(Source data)
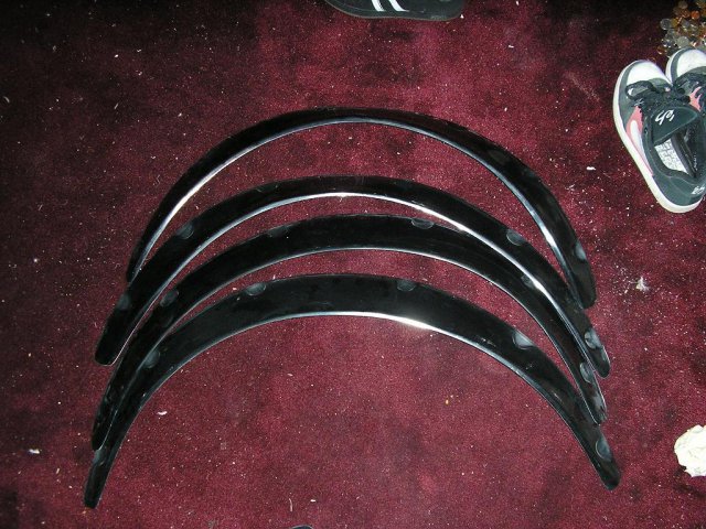 I installed fiberglas ZG flares, I also did the 5x114 to 5x4.75 upgrade by drilling new holes on the stub axles and using billet adapter to get the 5x4.75 bolt pattern. Using Enkei 92's 16x 8 with a 5x4.75 bold pattern i think they are -10 or -20 offset I forgot but they have a nice lip which is awesome. -
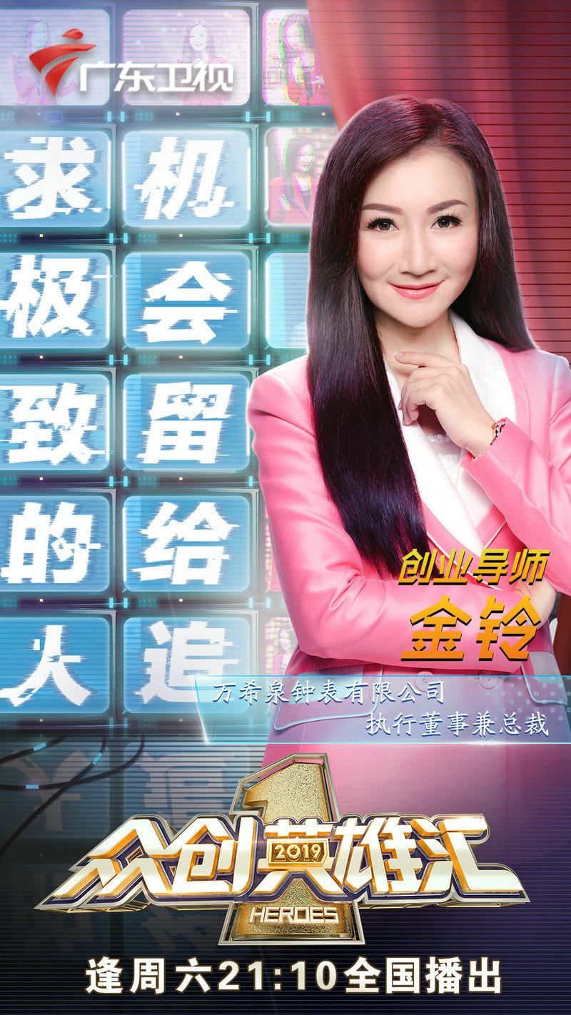 由广东省人力资源和社会保障厅与广东广播电视台联合打造的大型原创演播厅创业竞赛节目《众创英雄汇》从7月起每逢周六21:10在广东卫视火热开播。“金话筒”节目主持人、中国首位金槌拍卖师、香港万希泉钟表有限公司执行董事兼总裁金铃受邀出任节目的“创业导师”,与主持人兼作家乐嘉、当当网创始人李国庆、“樊登读书会”创始人樊登等多位行业大咖一起,为创业者们指点迷津。
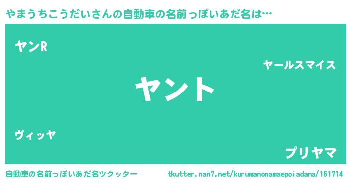 | 男性向けラノベタイトル風あだ名 | 『やまうちこうだいの嫁は女の子じゃないと思った?』 |
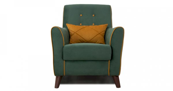 Декоративный кант на кресле, защипы на декоративной подушке, пуговицы на спинке
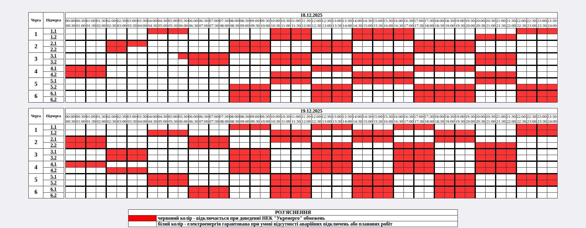 У Києві 19 грудня діятимуть посилені графіки стабілізаційних відключень: для деяких черг (зокрема 4.2) сумарна тривалість відсутності світла сягатиме 11 годин на добу. Споживачів відключатимуть двічі або тричі на день, а тривалість одного слоту становитиме від 3 до 7 годин.
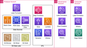 - Lake Formation – Governance Admins are given access to the Gold Buckets in all Data Producer Accounts. Admins can use Lake Formation Tags to secure the data and then share it with consumers.
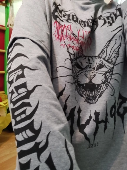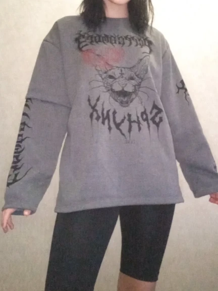 На рост 182 и длинные руки - ок, оверсайз, но больше бы не помешало. По качеству нареканий нет, торчащих ниток 1-2 и то маленькие, ткань плотная, рисунок яркий, чёткий, после стирки не слез, сама кофта не села. Держите крысу и вк iddmxdmxx
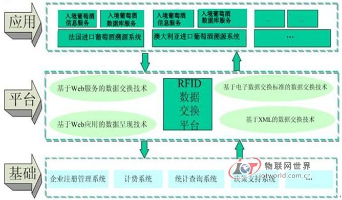 基于物联网技术的进口葡萄酒溯源平台的总体架构如上图所示分为三层,即基础层、平台层和应用层。基础层包括企业注册管理系统、计费系统、统计查询系统和决策支持系统等,这些系统是葡萄酒溯源管理平台的基础,用于对进口葡萄酒的所属企业信息的管理、货物的计费、货物的统计查询以及对企业进行决策支持等;应用层包括对进口葡萄酒的溯源管理系统等,主要用于对进口葡萄酒的信息服务、进口葡萄酒的安全追溯、进口葡萄酒的数据库的管理等;平台层是基础层和应用层信息交换的纽带,原产地溯源平台的平台层主要包括一些数据交换技术,包括基于Web服务的数据交换技术和基于电子交换标准的数据交换技术等,这些技术使平台层和应用层进行很好的数据交换。
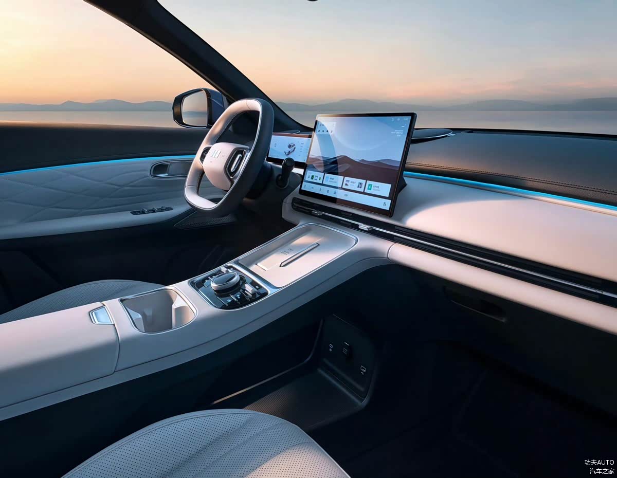 来到车内,银河星舰7沿用了吉利银河家族的简约设计,不过中控大屏幕和车内氛围灯还是营造出了不错的质感。此外,50W无线快充、怀挡设计和Flyme Auto车机系统也均为标配。

| WHAT THE TASK ASKS |
Every line above should be transcribed exactly, though no image should be carried over.

| WRITTEN RESPONSE |
 I installed fiberglas ZG flares, I also did the 5x114 to 5x4.75 upgrade by drilling new holes on the stub axles and using billet adapter to get the 5x4.75 bolt pattern. Using Enkei 92's 16x 8 with a 5x4.75 bold pattern i think they are -10 or -20 offset I forgot but they have a nice lip which is awesome. -
 由广东省人力资源和社会保障厅与广东广播电视台联合打造的大型原创演播厅创业竞赛节目《众创英雄汇》从7月起每逢周六21:10在广东卫视火热开播。“金话筒”节目主持人、中国首位金槌拍卖师、香港万希泉钟表有限公司执行董事兼总裁金铃受邀出任节目的“创业导师”,与主持人兼作家乐嘉、当当网创始人李国庆、“樊登读书会”创始人樊登等多位行业大咖一起,为创业者们指点迷津。
 | 男性向けラノベタイトル風あだ名 | 『やまうちこうだいの嫁は女の子じゃないと思った?』 |
 Декоративный кант на кресле, защипы на декоративной подушке, пуговицы на спинке
 У Києві 19 грудня діятимуть посилені графіки стабілізаційних відключень: для деяких черг (зокрема 4.2) сумарна тривалість відсутності світла сягатиме 11 годин на добу. Споживачів відключатимуть двічі або тричі на день, а тривалість одного слоту становитиме від 3 до 7 годин.
 - Lake Formation – Governance Admins are given access to the Gold Buckets in all Data Producer Accounts. Admins can use Lake Formation Tags to secure the data and then share it with consumers.
 На рост 182 и длинные руки - ок, оверсайз, но больше бы не помешало. По качеству нареканий нет, торчащих ниток 1-2 и то маленькие, ткань плотная, рисунок яркий, чёткий, после стирки не слез, сама кофта не села. Держите крысу и вк iddmxdmxx
 基于物联网技术的进口葡萄酒溯源平台的总体架构如上图所示分为三层,即基础层、平台层和应用层。基础层包括企业注册管理系统、计费系统、统计查询系统和决策支持系统等,这些系统是葡萄酒溯源管理平台的基础,用于对进口葡萄酒的所属企业信息的管理、货物的计费、货物的统计查询以及对企业进行决策支持等;应用层包括对进口葡萄酒的溯源管理系统等,主要用于对进口葡萄酒的信息服务、进口葡萄酒的安全追溯、进口葡萄酒的数据库的管理等;平台层是基础层和应用层信息交换的纽带,原产地溯源平台的平台层主要包括一些数据交换技术,包括基于Web服务的数据交换技术和基于电子交换标准的数据交换技术等,这些技术使平台层和应用层进行很好的数据交换。
 来到车内,银河星舰7沿用了吉利银河家族的简约设计,不过中控大屏幕和车内氛围灯还是营造出了不错的质感。此外,50W无线快充、怀挡设计和Flyme Auto车机系统也均为标配。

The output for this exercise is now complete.